Умирание здесь как спокойный, чарующий процесс. Запах тления «легкий», он «обволакивает».
Гедали начинает диалог с вопроса, в котором диссонируют два начала: «Революция – скажем
ей ''да'', но разве субботе мы скажем ''нет''?» Этот конфликт уже заложен в душе героя-рассказчика,
который выступает на стороне революции, динамики, действенности. Во время речи лавочник
«обвивает шелковыми ремнями своих дымчатых глаз», гипнотизирует слушателя, захватывает его,
но мягко. «Да, кричу я революции…но она прячется от Гедали и высылает вперед только
стрельбу…» Адепт старого религиозного мира готов принять революцию, но вместо очистительной
силы он получает разрушительную. Идея революции, переустройства оказывается спрятанной,
наружу выходит одно насилие. Несмотря на то, что Гедали говорит от себя и про себя, он все равно
становится общим резонером.
«В закрывшиеся глаза не входит солнце…» Так, Лютов высказывается о слепоте старого
мира. Уместно вспомнить про «градацию света» Хетени, ведь «огненный» и «солнечный» свет
исходит от представителей революции. «…но мы распорем закрывшиеся глаза…» Насильственный
метод в установлении нового мира подтверждается словом «распорем», которое образно совпадает с
«ремнями дымчатых глаз». В своей диссертации «Поэтика циклов И.Э. Бабеля ''Конармия'' и
''Одесские рассказы''»12 Ли Су Ен рассуждает о наполненности художественного текста «Конармии»
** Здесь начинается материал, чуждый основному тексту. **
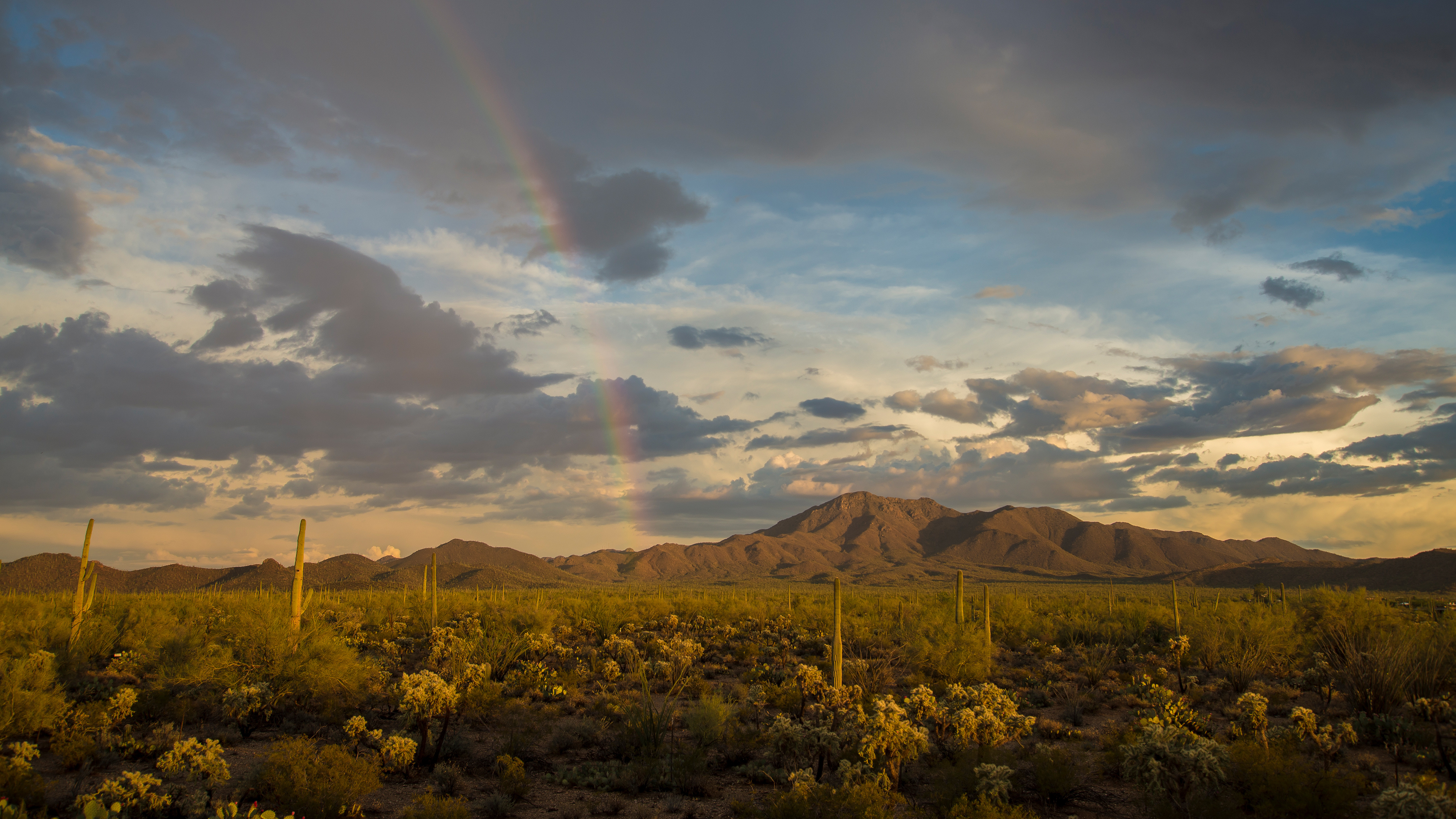 Arco iris sobre el Pico Wasson, Parque Nacional Saguaro, Arizona, EE. UU. © Frank Staub/Getty Images
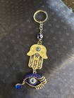 Turkish Evil Eye Keychain Blue Fatima Hamsa Hand Protection Lucky Charm Keyring
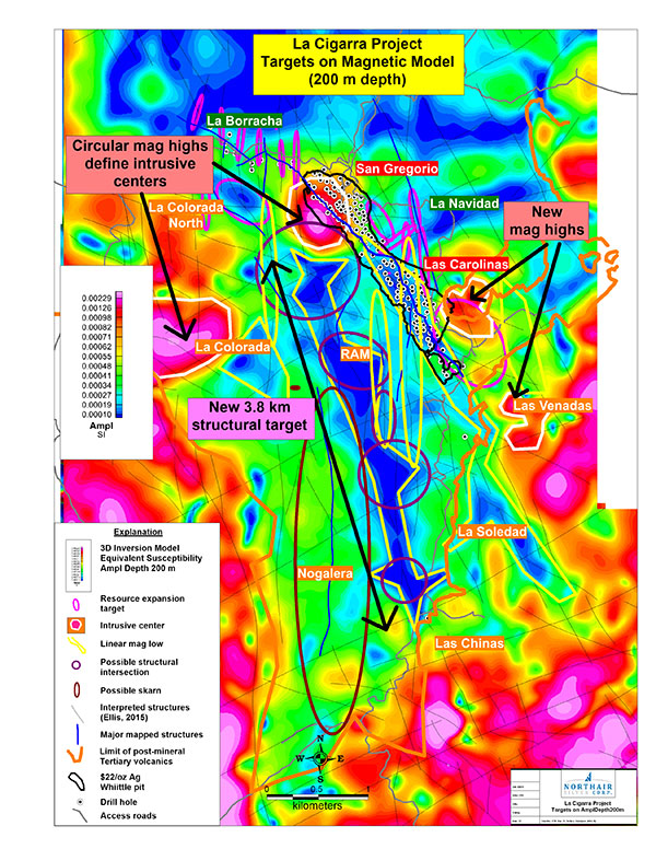 "The magnetic / radiometric program has greatly assisted Northair's technical team in identifying new targets and defining the structural framework of the La Cigarra district; a critical element in the understanding of the overall mineral system," commented, Andrea Zaradic, President & CEO of Northair. "Results from this Program have also provided important information for refining future drill programs that include targeting newly identified structural intersections that hold promise of hosting new mineral zones. These defined targets not only bolster the exploration model, but demonstrate the likely structural connection of La Cigarra to the San Francisco del Oro (Minera Frisco) and Santa Barbara (Grupo Mexico) operating mines, located approximately 20km south of La Cigarra."
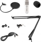 | Produktfarge | Sølv | | Utgangstilkoblinger | USB | | Frekvensrespons | 50Hz - 14.000Hz | | Impedans | 680 Ohm | | Følsomhet | -42dB (+/-2dB) | | Maksimal SPL | 125dB | | Mikrofontype | Kardioid | | Strømforsyning | 5V via USB | | Ledningslengde | 2,5m | | Dimensjoner (L x B x H) | 157 x 48mm (mikrofon) | | Vekt (kg) | 1,20 | pdf
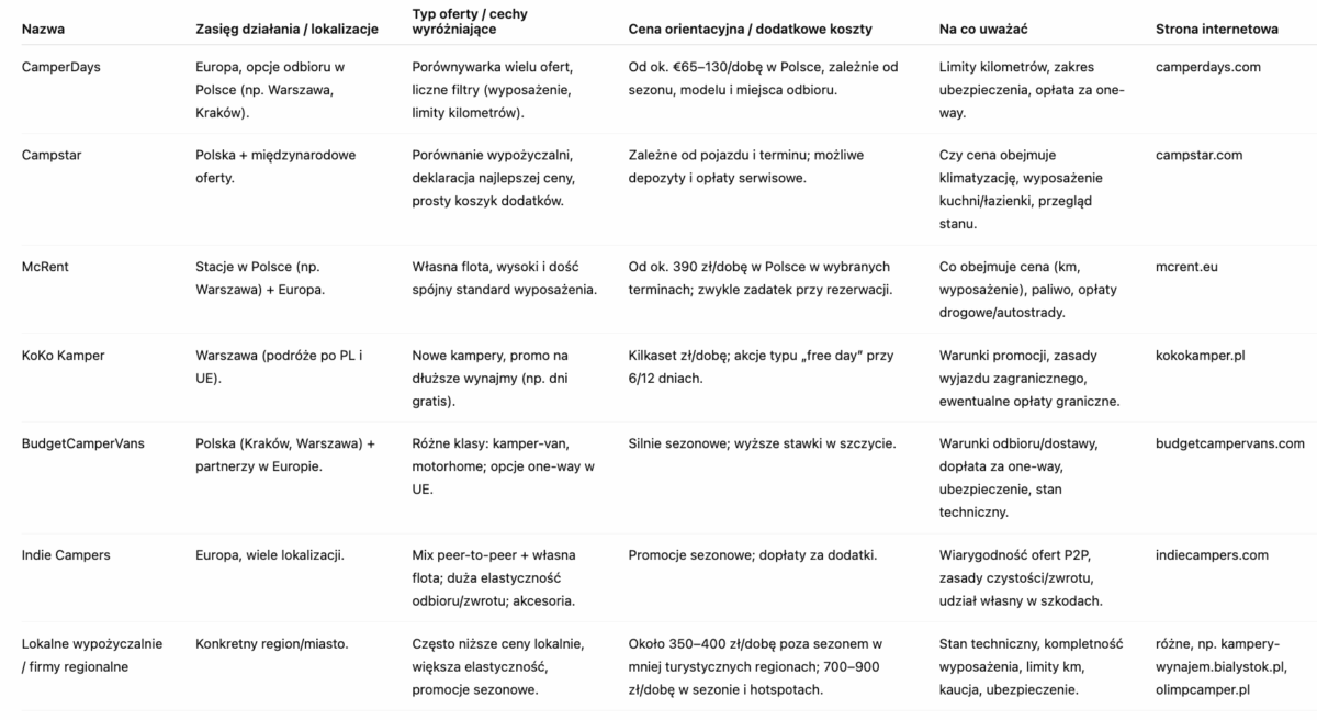 | Weekend majowy, 4-osoby, Polska północ (np. Trójmiasto) | początek maja, 3-4 dni | Kamper komfortowy z kuchnią, łazienką, klimatyzacją | Lokalnie wypożyczalnie mogą mieć oferty ok. 400-600 zł/doba przy wcześniejszej rezerwacji; większe firmy mogą prosić o ~700-900 zł/dobę plus opłaty |
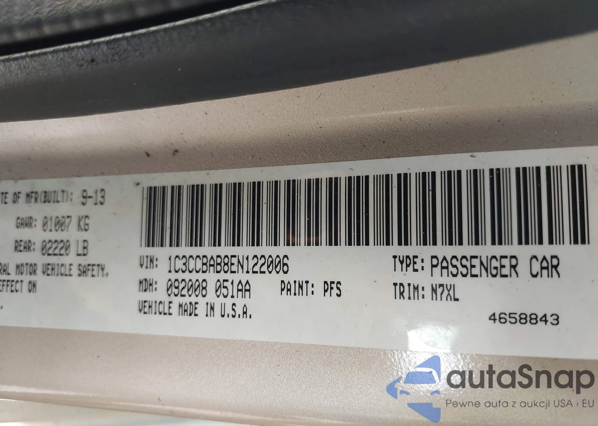 LOT: 42761344 VIN: 1C3CCBAB8EN122006
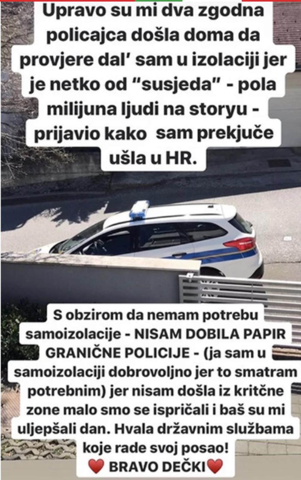 - Upravo su mi došla dva zgodna policajca da provere da li sam u izolaciji, jer je neko od "komšija" - pola miliona ljudi na storiju - prijavio kako sam prekjuče ušla u Hrvatsku. S obzirom na to da nemam obavezu samoizolacije, nisam dobila papir granične policije (ja sam u samoizolaciji dobrovoljno jer to smatram potrebnim), jer nisam došla iz kritične zone, malo smo se ispričali i baš su mi ulepšali dan. Hvala državnim službama koje rade svoj posao. Bravo momci - poručila je voditeljka.
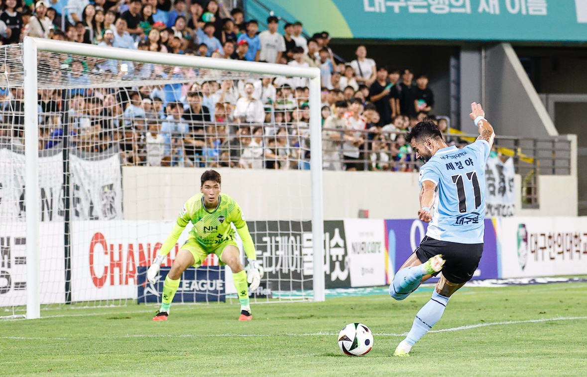 선취득점 세징야, 대구FC 통산 1000호 골…후반 3-0 리드
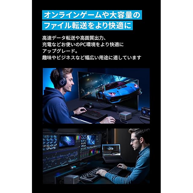 オンラインゲームや大容量のファイル転送をより快適に:高速データ転送や高画質出力、充電などお使いのPC環境をより快適にアップグレード。趣味やビジネスなど幅広い用途に適しています。

фрагментами идеологических продуктов, агитационных материалов и гимнов начала 20 века. В
частности: «Текст гимна «Интернационал» является применительно к «Конармии» метатекстом,
задающим основную бинарную оппозицию, на которой построен центральный сюжетный конфликт
цикла Бабеля: "Весь мир насилья мы разрушим // До основания, а затем // Мы наш, мы новый мир
построим, // Кто был ничем, тот станет всем"» В словах героя-рассказчика о «солнце
революции» исследовательница замечает: «Ответ Лютова можно сопоставить с текстом финальной
строфы «Интернационала»: «И если гром великий грянет // Над сворой псов и палачей, // Для нас все
так же солнце станет // Сиять огнем своих лучей» О своре «псов и палачей» косвенно Гедали
скажет чуть позже. Стоит оговориться, что полисемантичность бабелевского текста допускает
совершенно противоположные интерпретации, Розенсон в словах о солнце видит библейскую
аллюзию: «…в тексте Торы и Пророков есть несколько фрагментов, на которые он может ссылаться.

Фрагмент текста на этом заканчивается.